MAs are characterized by pericyte loss and aberrant proliferation of ECs.
3 Some cytokines, including VEGF, Ang-1, Ang-2, transforming growth factor-β, and platelet-derived growth factor-B, are associated with the pathogenesis of MA formation.
22,23 The eyes of monkeys injected with VEGF showed the formation of MAs, indicating the VEGF mediated pathology.
24 In the mouse retina, loss of pericytes causes perivascular macrophage infiltration, and macrophage derived VEGF activates VEGF-receptor-2 in ECs.
25 Therefore, it is not surprising that the number of MAs decreases after anti-VEGF treatment. In addition, several experimental studies have shown that Ang-2 is involved in MA formation. Epithelial cells without pericyte in MAs also cause the elevation of Ang-2.
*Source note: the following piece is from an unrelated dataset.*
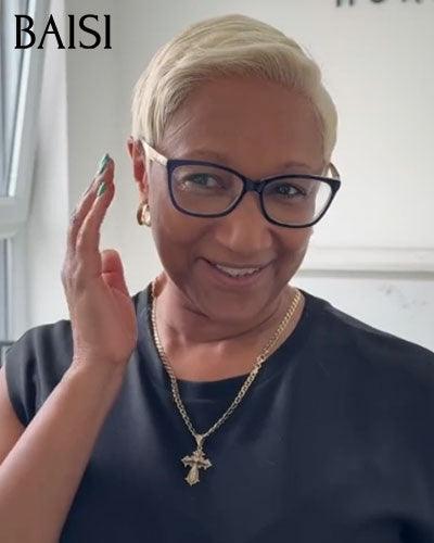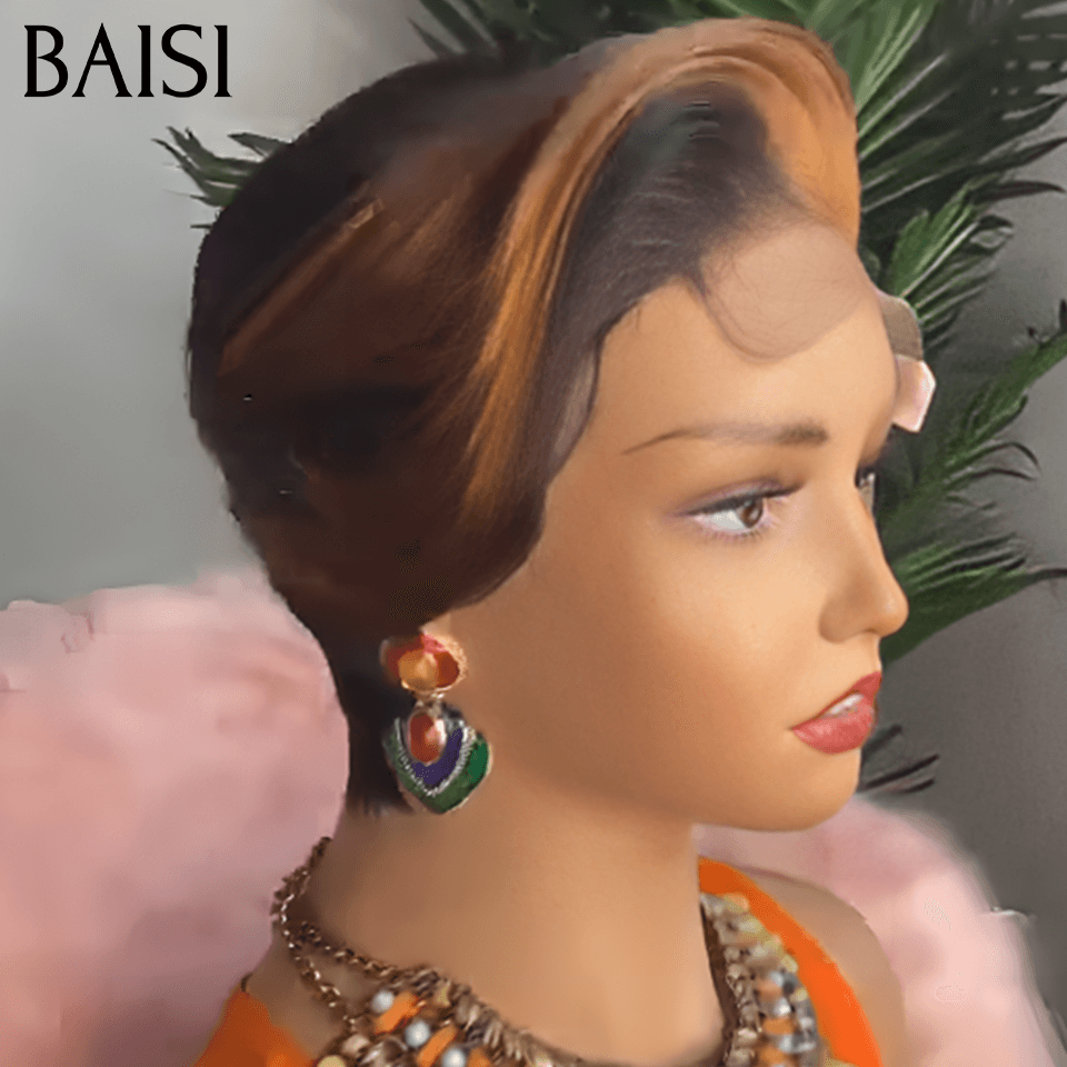 48H Livraison TVA 0€ BAISI Perruque Pixie bouclé petite coupe Noir 6 pouces 59€ ou 13X4 pixie Lisse 1B#Mix30# 78€ ou blonde 613# 89€ En 100% Cheveux Humains

25 In pericytes undergoing apoptosis induced by hyperglycemia, Ang-1 promotes cell survival, whereas Ang-2 promotes apoptosis.
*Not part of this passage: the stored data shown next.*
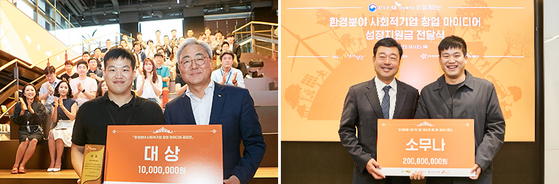 ▲ (좌측) 2019년 8월 진행된 ‘환경분야 사회적기업 창업 아이디어 공모전 시상식’에서 SK이노베이션 김준 총괄사장(오른쪽)과 소무나 송종원 대표(왼쪽)이 기념촬영을 하고 있다. / (우측) 2019년 11월 진행된 ‘환경분야 사회적기업 창업 아이디어 성장지원금 전달식’에서 SK이노베이션 배터리사업 지동섭 대표(왼쪽)와 소무나 송종원 대표(오른쪽)이 기념촬영을 하고 있다.
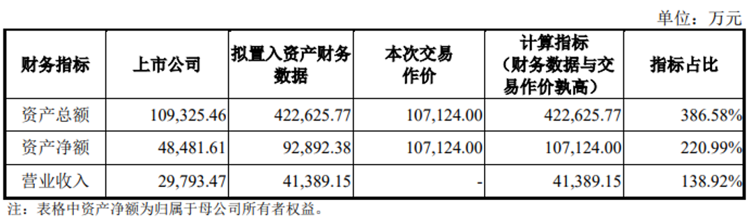 本次交易拟置入资产对本次交易是否构成重大资产重组的指标计算情况如下: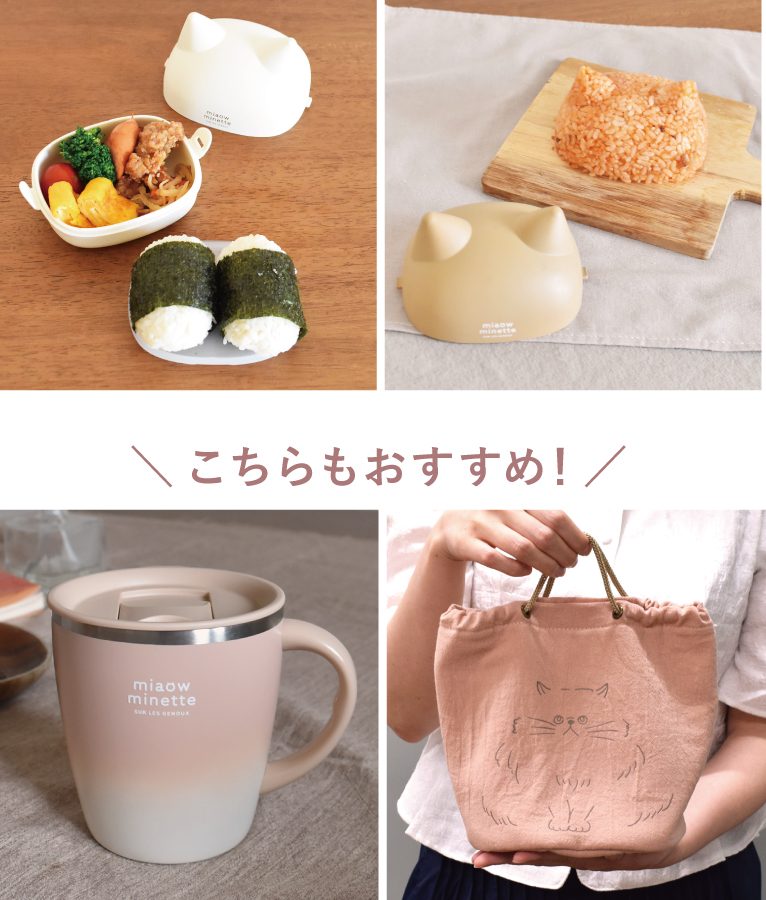 ねこ耳のデザインのフタが目を引く「にゃお ねこみみおにぎりケース」は上段におにぎり2個、下段におかずが入るかわいいサイズの2段弁当箱です。フタ部分はねこの形のごはん型としても使えます。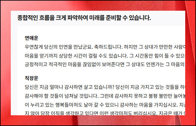 사주팔자를 통해 올해의 전반적인 운세를 파악할 수 있어요. 세부 내용은 뒤에서 자세히 나옵니다. 이 부분에서는 전체적인 흐름을 이해하는 느낌으로 훑어보세요. 한 해의 큰 그림을 간단히 파악하는 데 도움이 될 거예요.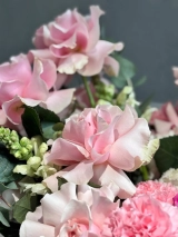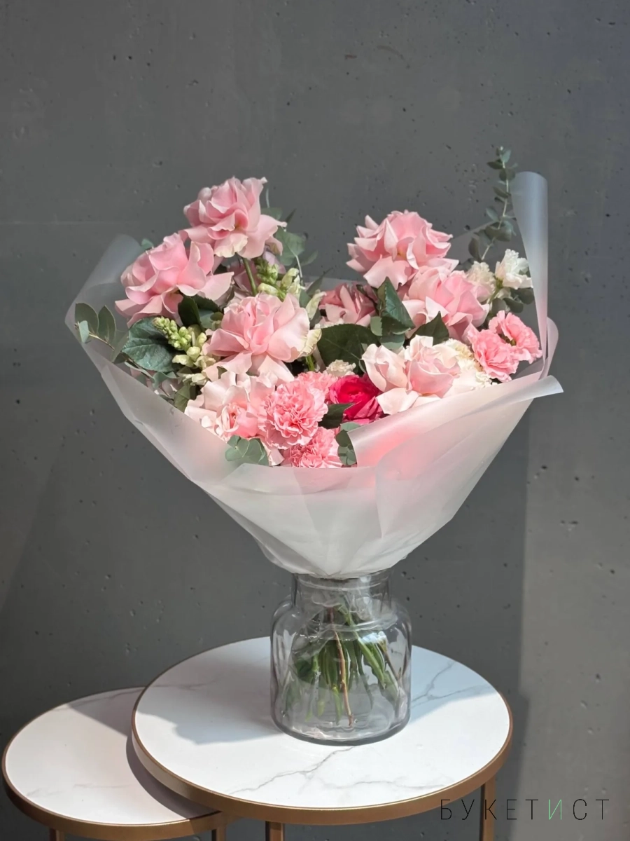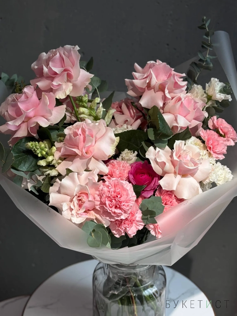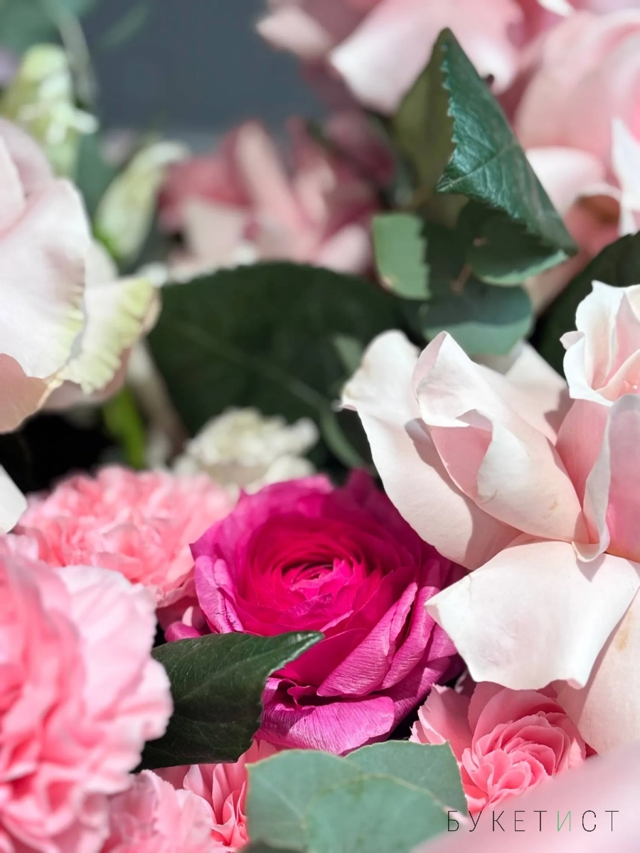 В составе: вывернутая роза сорта Пинк Мондиаль, гвоздики, ранункулюс, леувенбек и веточки эвкалипта.

26 Moreover, Park et al. reported that Ang-2 induces apoptosis of pericytes via the p53 pathway under hyperglycemia.
27 These findings suggest that blocking Ang-2/Tie-2 signaling using faricimab could be a potential therapeutic target to prevent pericyte loss. Ang-2 and VEGF interact to enhance vascular permeability. The analysis using porcine retinal ECs showed that VEGF and Ang-2 acting together increased permeability three times as much as VEGF alone.
2 Moreover, Benest et al. reported that Ang-2 deficient mice showed a remarkable reduction in VEGF-induced vascular leakage.
15 Thus, treatment with faricimab designed to inhibit both VEGF and Ang-2/Tie-2 systems may accelerate their effects and reduce vascular permeability in DME.